As an operation this once again demonstrates the SDSR vision of the British Armed Forces operating in a range of interventionary roles. Very, very few countries would have been able to provide this sort of strategic effect, and means that the UK has a real asset that can be brought into play. Its all very well having tens of thousands of tanks and infantry, but if you cant move them, then you can’t employ them to best effect. The reality is that NATO has failed to provide a strategic airlift capability here, and that the only NATO member in Europe operating C17s has had to support the operation. What does this mean? Well on the one hand it means that the UK has gained a certain level of planning influence within other NATO capitals – after all, any other nation considering similar actions would be equally reliant on the UK to provide C17 support. This means engaging with the UK, listening to its views and accepting that access to its strategic airlift may come at a diplomatic cost. In real terms, the UK may well have gained some wastaa with the French which can be employed at a different time as a result of this support.
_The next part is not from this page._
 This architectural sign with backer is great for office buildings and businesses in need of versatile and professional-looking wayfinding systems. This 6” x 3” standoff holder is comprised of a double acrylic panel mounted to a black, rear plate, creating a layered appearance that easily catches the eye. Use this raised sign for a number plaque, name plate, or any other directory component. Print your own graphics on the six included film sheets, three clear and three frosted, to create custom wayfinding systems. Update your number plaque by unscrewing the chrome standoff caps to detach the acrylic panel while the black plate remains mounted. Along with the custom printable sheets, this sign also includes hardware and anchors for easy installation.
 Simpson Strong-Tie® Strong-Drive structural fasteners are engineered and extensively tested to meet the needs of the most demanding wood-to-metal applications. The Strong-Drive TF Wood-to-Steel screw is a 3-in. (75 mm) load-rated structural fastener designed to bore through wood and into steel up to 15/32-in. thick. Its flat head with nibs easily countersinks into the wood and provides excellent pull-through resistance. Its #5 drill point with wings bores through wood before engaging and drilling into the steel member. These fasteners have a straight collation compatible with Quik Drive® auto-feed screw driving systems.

It also demonstrates the importance of the renewed links between UK and France which have come about in the last few years. It is unlikely such an operation could have occurred easily without planning and co-ordination, and this is a good test of a relationship where two similarly capable powers are required to work together.
Finally this is likely to have an interesting effect on the French ‘shopping list’. It remains to be seen whether any Urgent Operational Requirements (UORS) can be identified from this affair. What will almost certainly not be publicly discussed, but which could happen is that the operation will identify shortcomings across a range of capabilities and force enhancements to increase both Mirage, Rafale and Army capabilities. Most pressingly the French may look at their requirement to replace the KC135 and perhaps realise that close co-operation with the UK may have its advantages. The idea that purchasing an A330 fleet, very similar to the UK one, may have real advantages in terms of economies of scale for support, training and the ability to sure identical platforms to load and move equipment in a hurry in future. This operation could perhaps well help herald a closer step forward in UK/French co-operation.
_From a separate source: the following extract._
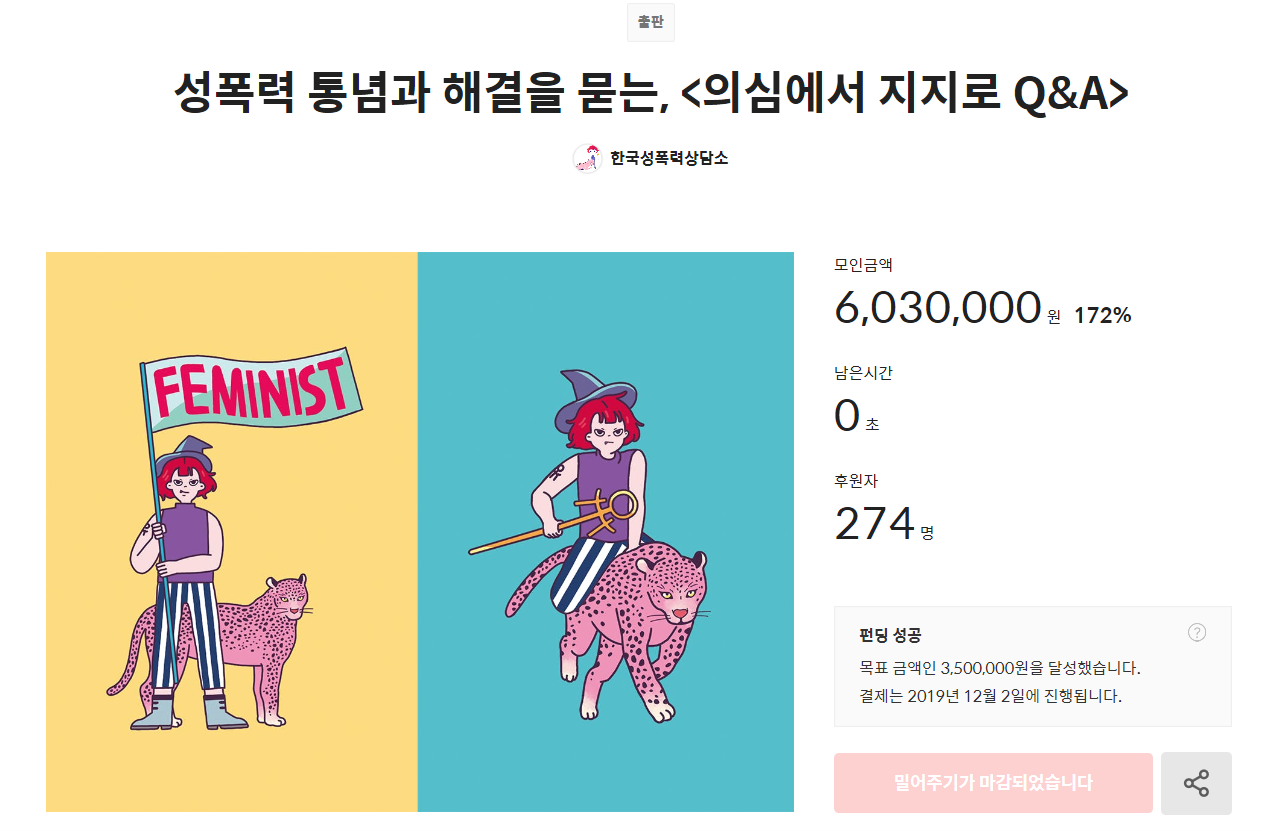 <의심에서 지지로 Q&A> 텀블벅은 바로 이 자료집을 더욱 많은 곳에 배포하기 위해 시작하게 되었습니다. 텀블벅 100% 달성 하기만 하면 전국 경찰·검찰·법원의 성폭력 관련 부서, 교육청의 성폭력 신고센터에 보내겠다는 야심찬 공약을 걸고 텀블벅을 시작하게 되었습니다.

Whatever happens, these operations come at a cost, and as President Hollande has sadly realised, the human cost is too high when even one soldier is killed. One must hope that there are no other casualties after the reported loss of a helicopter the other day.
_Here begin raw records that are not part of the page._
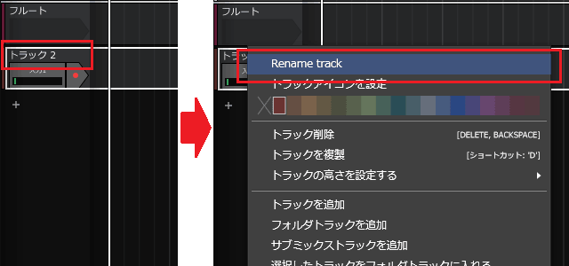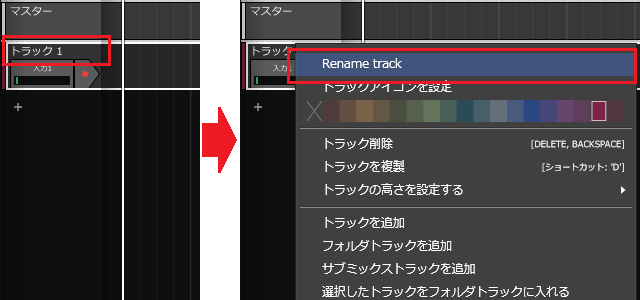 3ïŒè¿œå ããããã©ãã¯ã«ååãä»ããŸããããã©ã㯠1ããå³ã¯ãªãã¯ããŠããRename trackããéžæããŸãã
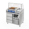 Станция представляет собой закрытый модуль, в виде стола с охлаждаемой камерой (рабочего объема) с гастронормированными ящиками (G1/1 х150мм-2шт, G1/2 х150мм-1шт) и нейтральной нишей для хранения инвентаря: щипцов, салфеток, одноразовой посуды и т.д. Столешницей, предназначенной для
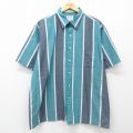 【商品名】 XL★古着 アロー 半袖 シャツ メンズ 大きいサイズ 青緑他 ストライプ
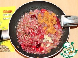 пасту из изюма, перец молотый, выдавленные 2 зубчика чеснока, кумин
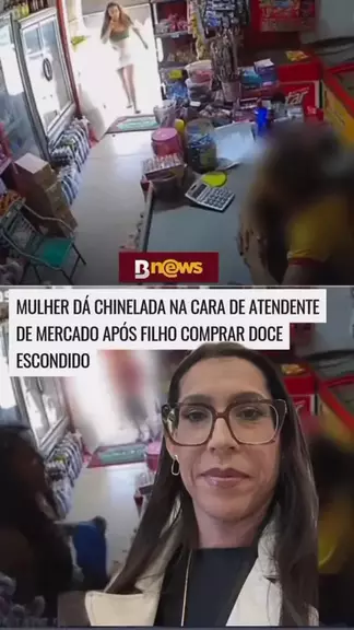Funcionária trabalhando no caixa de um supermercado toma uma chinelada de uma mulher inconformada com uma venda que ela fez a seu filho.
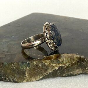 Sterling Silver 925 Southwest Style Bezel Set Oval Lapis Cabochon Ring Sz 6

The outcome of the operation will be interesting to see in due course – in many ways a classic ‘intervention’ as beloved of authors of Strategic Defence Reviews across the globe since the 1990s, it will be interesting to compare to Sierra Leone, both in its short term effect, but also the long term implications of whether a substantial military involvement helps resolve a problem prior to a UN force arriving in numbers, and what impact this has on the stability and interests of Mali in the long term.